There are, however, several movie musicals that ARE good. And now I’m going to list them.

First of all: as always, I only considered feature-length theatrically-screened motion pictures, so don’t get all bent out of shape that I didn’t include Dr. Horrible’s Sing-Along Blog or that one episode of Buffy or something. Second: I DID include animated films, which I wasn’t going to do, but then I realized there were some animated musicals I REALLY wanted to put on here… though if I picked any I tried to pick ones that appealed beyond the “kids” market. Third: as always, my lists don’t skew towards the classics (i.e. old movies) because like Tony Stark, I’m a futurist. I’ve allowed one notable exception to my usual tastes in this regard. Fourth (this rules list is getting pretty long): You know, I had a fourth and I forgot it? Well, moving on. Fifth: Oh, now I remember! No movies-with-music. Just flat-out musicals. Which is why, much as I adore it, That Thing You Do! is not on this list.
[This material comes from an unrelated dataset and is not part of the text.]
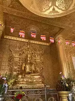 🙏🏻The pagoda's interior features a spiraling, maze-like walkway, with walls lined with gleaming gold leaf and partitioned by glass panels. Inside, artifacts that were once housed in the original pagoda before its reconstruction are on display.

So let’s turn this mother out:

10.) Grease – Some will kill me for putting this on here. Some will kill me for not putting it higher. Fun fact: Grease is one of those rare instances where the movie is at least 10 times better than the stage product. Young non-creepy John Travolta, Australian native Olivia Newton-John (Sandy is NOT Australian in the play, if you were wondering), geek ninethe role of Stockard Channing’s career… not to mention “Greased Lightning” which, while stolen from Kenickie and given to Danny for the film, is one of the most recognizable (and surprisingly dirty) modern American showtunes of all time. The less said about Grease 2, the better.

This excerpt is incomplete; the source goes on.